# Water Updates



## CautioN1919 (Jun 17, 2005)

Ammonia: 0
Nitrate: 0 
Nitrite: 5

I added 2 goldfish like 4 days ago and they died in the first day but this is the first time ive been able to check. My nitrite is the only high one does this mean it is spiking or what ?


----------



## doctorvtec (May 15, 2004)

CautioN1919 said:


> Ammonia: 0
> Nitrate: 0
> Nitrite: 5
> 
> ...


Aren't you fishless cycling? If so why are you adding goldfish to the tank?


----------



## mashunter18 (Jan 2, 2004)

Looks like it is getting there, you cycling a tank???


----------



## CautioN1919 (Jun 17, 2005)

Aren't you fishless cycling? If so why are you adding goldfish to the tank?
[snapback]1151083[/snapback]​[/quote]

I added them because i was going to use them as feeders for my Gold P and i went to the LFS to pick something else up so i just grab'd them while i was there


----------



## doctorvtec (May 15, 2004)

CautioN1919 said:


> I added them because i was going to use them as feeders for my Gold P and i went to the LFS to pick something else up so i just grab'd them while i was there
> [snapback]1151314[/snapback]​


You shouldn''t keep fish in a tank with that much nitrite in it. One it's too high of nitrite, and two, it kinda defeats some of the purpose of fishless cycling.

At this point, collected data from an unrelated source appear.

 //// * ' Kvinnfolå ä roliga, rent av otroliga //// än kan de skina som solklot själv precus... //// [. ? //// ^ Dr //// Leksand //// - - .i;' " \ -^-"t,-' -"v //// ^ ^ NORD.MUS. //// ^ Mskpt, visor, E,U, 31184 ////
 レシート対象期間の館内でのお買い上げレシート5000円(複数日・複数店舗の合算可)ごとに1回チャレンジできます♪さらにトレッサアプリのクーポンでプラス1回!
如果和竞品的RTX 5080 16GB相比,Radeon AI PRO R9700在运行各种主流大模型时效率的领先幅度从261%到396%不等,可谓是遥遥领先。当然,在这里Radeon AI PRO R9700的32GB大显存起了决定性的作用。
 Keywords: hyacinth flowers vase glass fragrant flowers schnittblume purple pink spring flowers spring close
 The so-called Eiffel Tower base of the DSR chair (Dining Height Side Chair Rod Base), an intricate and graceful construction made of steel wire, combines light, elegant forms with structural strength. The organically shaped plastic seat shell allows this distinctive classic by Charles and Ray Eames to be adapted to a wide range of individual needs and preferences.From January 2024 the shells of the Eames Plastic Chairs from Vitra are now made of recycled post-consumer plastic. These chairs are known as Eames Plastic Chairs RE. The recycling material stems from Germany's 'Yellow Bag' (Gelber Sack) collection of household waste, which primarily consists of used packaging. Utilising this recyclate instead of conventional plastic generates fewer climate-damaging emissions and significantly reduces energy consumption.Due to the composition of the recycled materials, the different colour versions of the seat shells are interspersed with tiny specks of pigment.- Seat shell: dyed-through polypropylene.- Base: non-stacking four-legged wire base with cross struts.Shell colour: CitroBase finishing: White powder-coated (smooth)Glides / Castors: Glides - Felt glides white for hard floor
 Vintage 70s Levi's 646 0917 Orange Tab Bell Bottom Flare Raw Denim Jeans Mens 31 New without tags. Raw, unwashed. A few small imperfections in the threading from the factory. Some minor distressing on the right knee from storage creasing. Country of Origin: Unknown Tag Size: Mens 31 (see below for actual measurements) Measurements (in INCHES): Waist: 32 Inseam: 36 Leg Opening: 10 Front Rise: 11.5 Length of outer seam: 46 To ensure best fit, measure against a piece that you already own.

Besides, you should be quaratining feeders before use.


----------



## CautioN1919 (Jun 17, 2005)

yeah im going to be breeding convicts for feeders since its so easy...but is my nitrite spiking since its so high ?


----------



## doctorvtec (May 15, 2004)

CautioN1919 said:


> yeah im going to be breeding convicts for feeders since its so easy...but is my nitrite spiking since its so high ?
> [snapback]1151777[/snapback]​


You will know it has peaked, when it starts to decline. That is the time to cut your ammonia in half.

Good luck


----------



## CautioN1919 (Jun 17, 2005)

*Thursday at 7:50*
Ammonia: 1ish
Nitrite: 5 if not higher
Nitrate: 20 if not higher

---- Think I'm ready for the big water change? ----


----------



## doctorvtec (May 15, 2004)

CautioN1919 said:


> *Thursday at 7:50*
> Ammonia: 1ish
> Nitrite: 5 if not higher
> Nitrate: 20 if not higher
> ...


Big water change? The only big water change you do is when your cycle is over, and you are not there yet.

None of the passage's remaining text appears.